How to Solve Optimization Problems?

Model Using a Function

After identifying what is required, we create a model for it. We need to relate the volume of the open box with one of the dimensions of it. We start with identifying the primary expression for finding volumes of boxes. According to Cavalieri's theorem: \(V=Ah\).

• \(V\) is the volume of the open box
• \(A\) is the cross-sectional area of the object
• \(h\) is the height of the object

We can develop this equation using our predefined variables \(x\) and \(y\). Expressing it in terms of these, we have \(V=x^2y\).

There are two variables, \(x\) and \(y\). Although we can use this expression, we must find a way to express the primary function in terms of a single variable only (either \(x\) or \(y\)).
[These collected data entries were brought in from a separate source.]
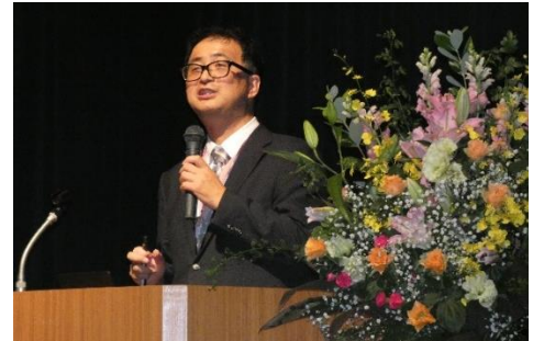
▲がん講演会(仙台市福祉プラザ)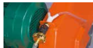
Víztömlő csatlakozó (csak CS451 E)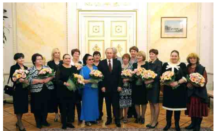
Volgens het Kremlin "valt het wel mee" met Poetin.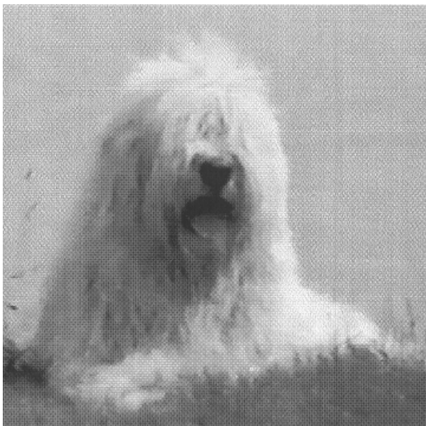
Рис. 3. Внешний вид головы

нее, тем лучше) при этом цвет радужной оболочки и глазного яблока по тону почти не отличаются. Глаза — круглые, средней величины, миндалевидного разреза, прямо и достаточно широко поставлены. Веки сухие, плотно прилегают, имеют полную, черную и глубокую обводку.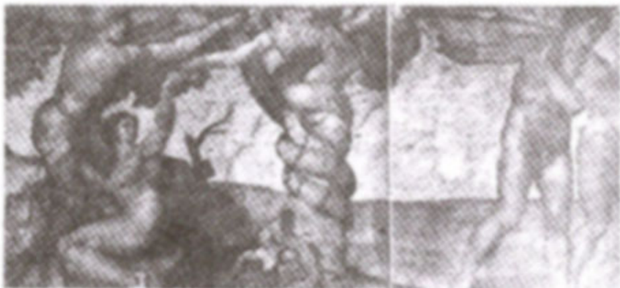
ภาพที่ 20 "การหลงผิดและการถูกขับไล่อ"

To do this, we make a secondary expression which we can get from its surface area, \(s\). For an open box, the variable \(s\) is the sum of the base area and four sides: \(s = x^2+4xy\). From our problem, this must equal 700 sq. cm. 

• \(s = x^2+4xy\)
• \(700 = x^2+4xy\)

We can express one of the variables with the other. In our case, we isolate variable y and insert it into the primary function.

• \(700 = x^2+4xy\)
• \(y=\frac{175}{x}-\frac{x}{4}\)
• \(V=x^2\left(\frac{175}{x}-\frac{x}{4}\right)\)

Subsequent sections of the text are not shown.